::: INPUT DATA

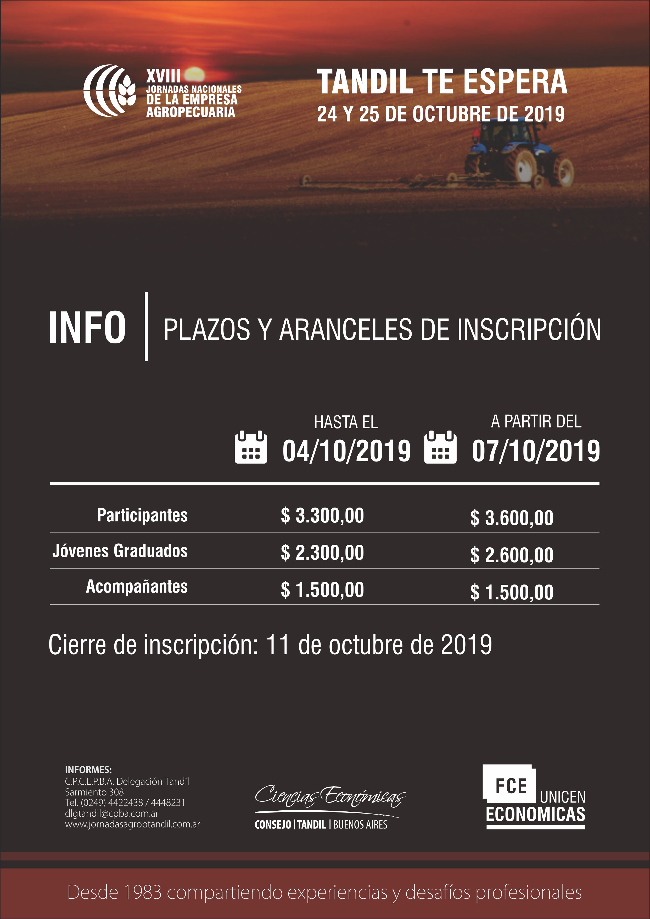 Plazos y aranceles para participar de la Jornada de la Empresa Agropecuaria
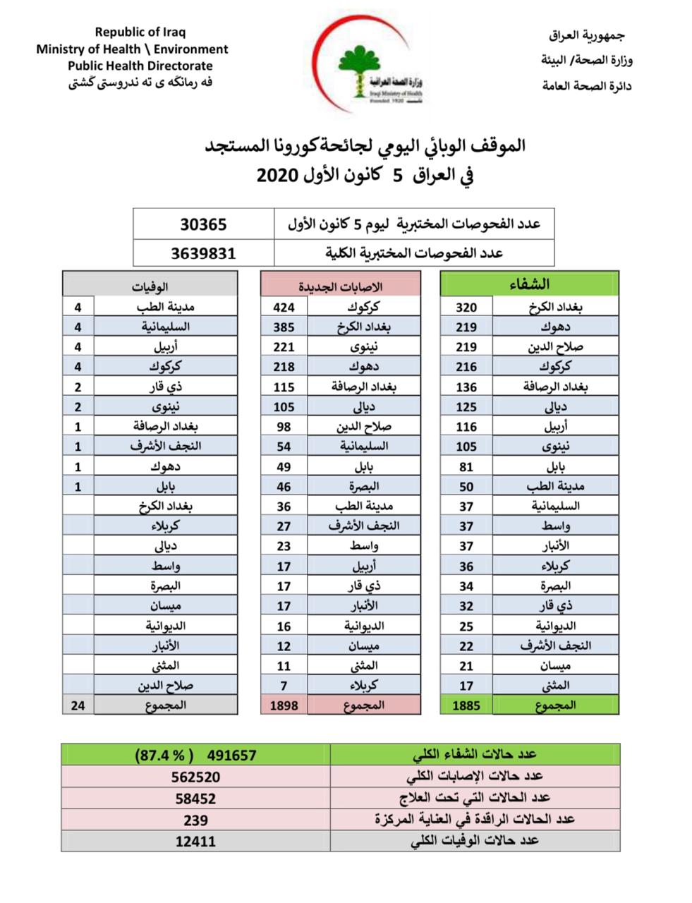 اعلنت وزارة الصحة، السبت، عن الموقف الوبائي اليومي لجائحة كورونا في العراق لليوم.
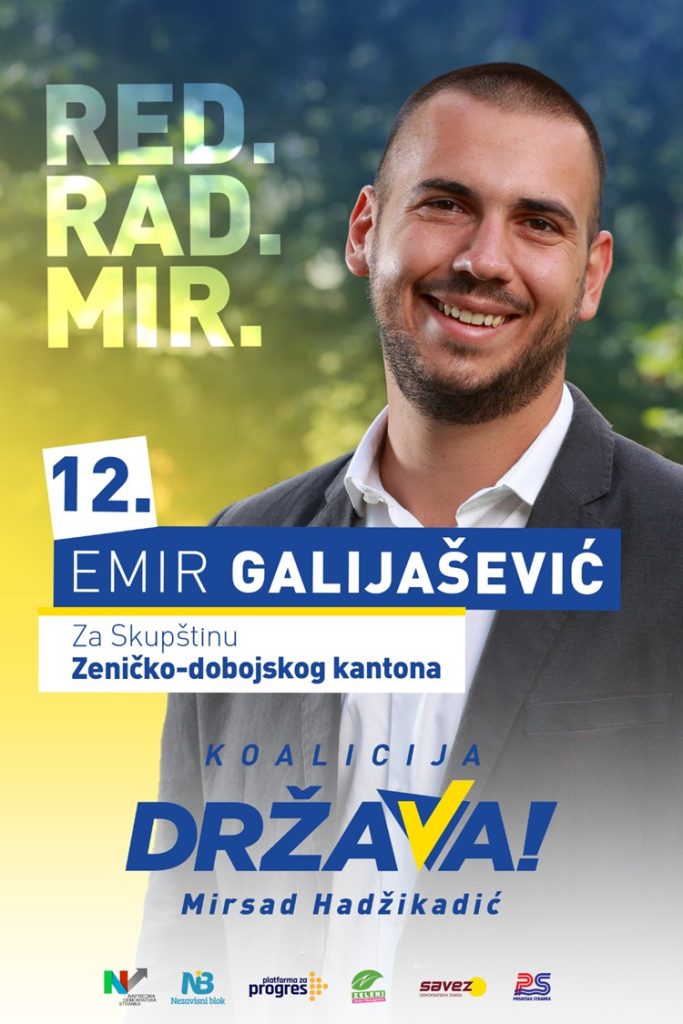 Sa sjevera kantona, iz Tešnja nam dolazi Emir Galijašević. Emir je kandidat pod rednim brojem 12. Iako rođen u Švedskoj, osnovno i srednje obrazovanje završio je u Tešnju, a Saobraćajni fakultet u Doboju. Radno iskustvo stekao je na više različiih poslova. Emir je aktuelni vijećnik u Općinskom vijeću u Tešnju. Društveno je angažiran u svojoj zajednici i učesnik mnogobrojnih radionica, seminara, kampova i konferencija.
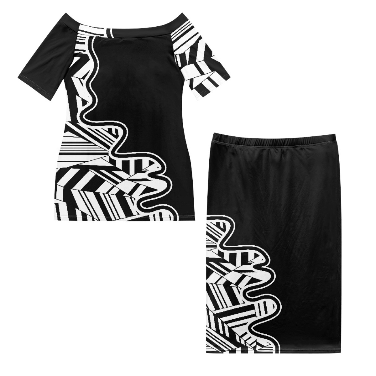 Самоа Традиционный набор из двух частей абстрактный узор с принтом женские рубашки с короткими рукавами длинная юбка полиэстер аммиачной смешанной островной одежды
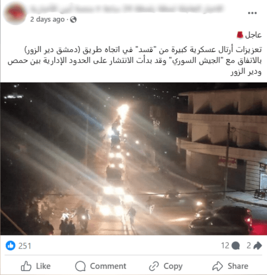 هذه الصورة متداولة منذ عام 2022 على الأقل لدخول هيئة تحرير الشام إلى عفرين، ولا توثق انتشار قوات سوريا الديمقراطية على الحدود الإدارية بين محافظة حمص ودير الزور
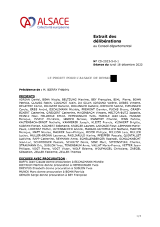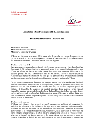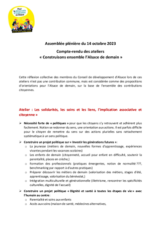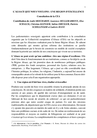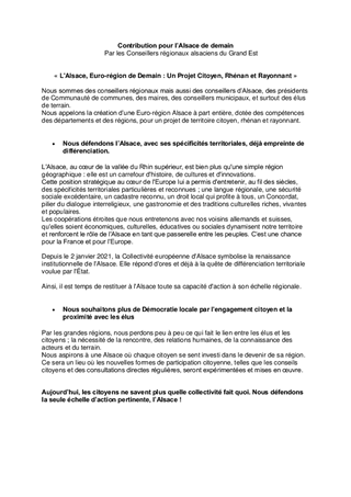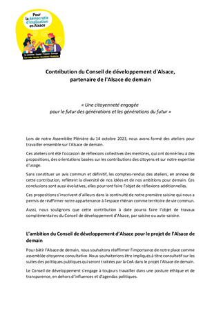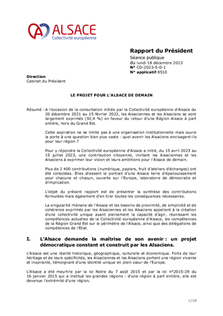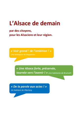 A l’occasion de la consultation initiée par la Collectivité européenne d’Alsace du 20 décembre 2021 au 15 février 2022, les Alsaciennes et les Alsaciens se sont largement exprimés (92,4 %) en faveur du retour d’une Région Alsace à part entière, hors du Grand Est. Cette aspiration ne se limite pas à une organisation institutionnelle mais ouvre la porte à une question bien plus vaste : quel avenir les Alsaciens envisagent-ils pour leur région ? Pour y répondre la Collectivité européenne d’Alsace a initié, du 15 avril 2023 au 15 juillet 2023, une contribution citoyenne, invitant les Alsaciennes et les Alsaciens à exprimer leur vision et leurs ambitions pour l'Alsace de demain. Plus de 2 400 contributions (numérique, papiers, fruit d’ateliers d’échanges) ont été collectées. Elles dressent le portrait d’une Alsace terre d’épanouissement pour chacune et chacun, ouverte sur l’Europe, laboratoire de démocratie et d’implication. L’objet du présent rapport est de présenter la synthèse des contributions formulées mais également d’en tirer toutes les conséquences nécessaires. La singularité rhénane de l’Alsace et les besoins de proximité, de simplicité et de cohérence exprimés par les Alsaciennes et les Alsaciens appellent à la création d’une collectivité unique ayant pleinement la capacité d’agir, réunissant les compétences actuelles de la Collectivité européenne d’Alsace, les compétences de la Région Grand Est sur le périmètre de l’Alsace, ainsi que des délégations de compétences de l’Etat.
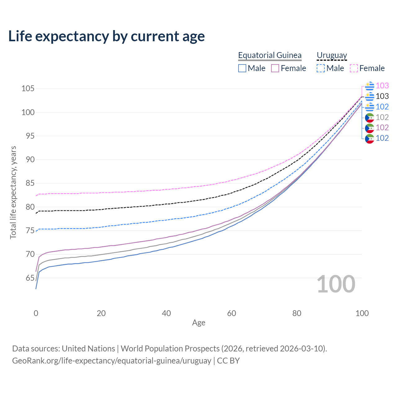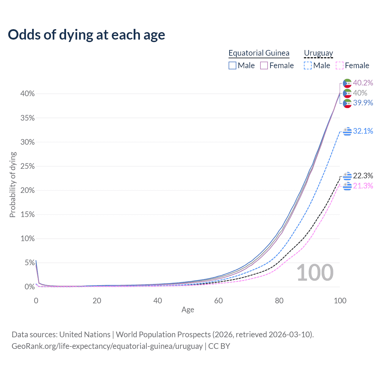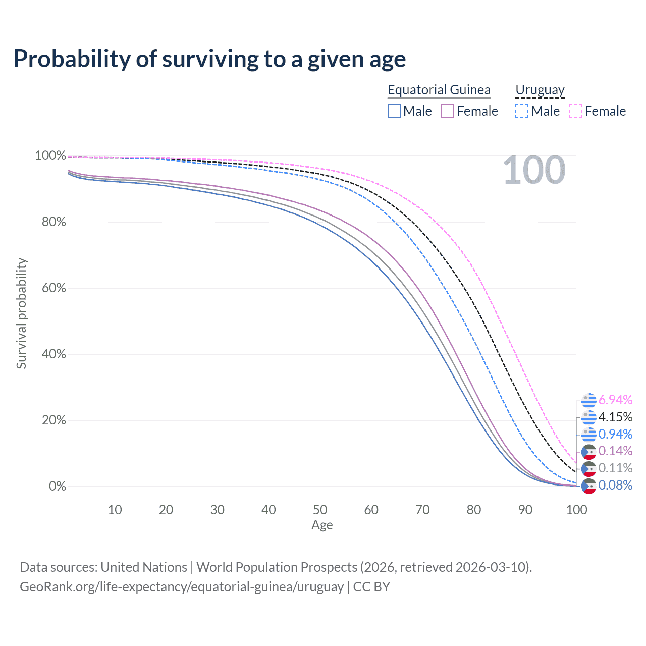 This life expectancy calculator shows the odds of living to 100, 95, 90, and below based on current age for both males and females in Equatorial Guinea and Uruguay, along with mean and median age of death. The calculations are based on the 2026 life tables (actuarial tables) from the UN World Population Prospects.

::::::

● **EXERCISE OBJECTIVE**
What you give back must be exactly the lines from the opening line of the entries through the line holding "Самоа Традиционный набор", with no pictures.

● **ANSWER TO THE EXERCISE**
 Plazos y aranceles para participar de la Jornada de la Empresa Agropecuaria
 اعلنت وزارة الصحة، السبت، عن الموقف الوبائي اليومي لجائحة كورونا في العراق لليوم.
 Sa sjevera kantona, iz Tešnja nam dolazi Emir Galijašević. Emir je kandidat pod rednim brojem 12. Iako rođen u Švedskoj, osnovno i srednje obrazovanje završio je u Tešnju, a Saobraćajni fakultet u Doboju. Radno iskustvo stekao je na više različiih poslova. Emir je aktuelni vijećnik u Općinskom vijeću u Tešnju. Društveno je angažiran u svojoj zajednici i učesnik mnogobrojnih radionica, seminara, kampova i konferencija.
 Самоа Традиционный набор из двух частей абстрактный узор с принтом женские рубашки с короткими рукавами длинная юбка полиэстер аммиачной смешанной островной одежды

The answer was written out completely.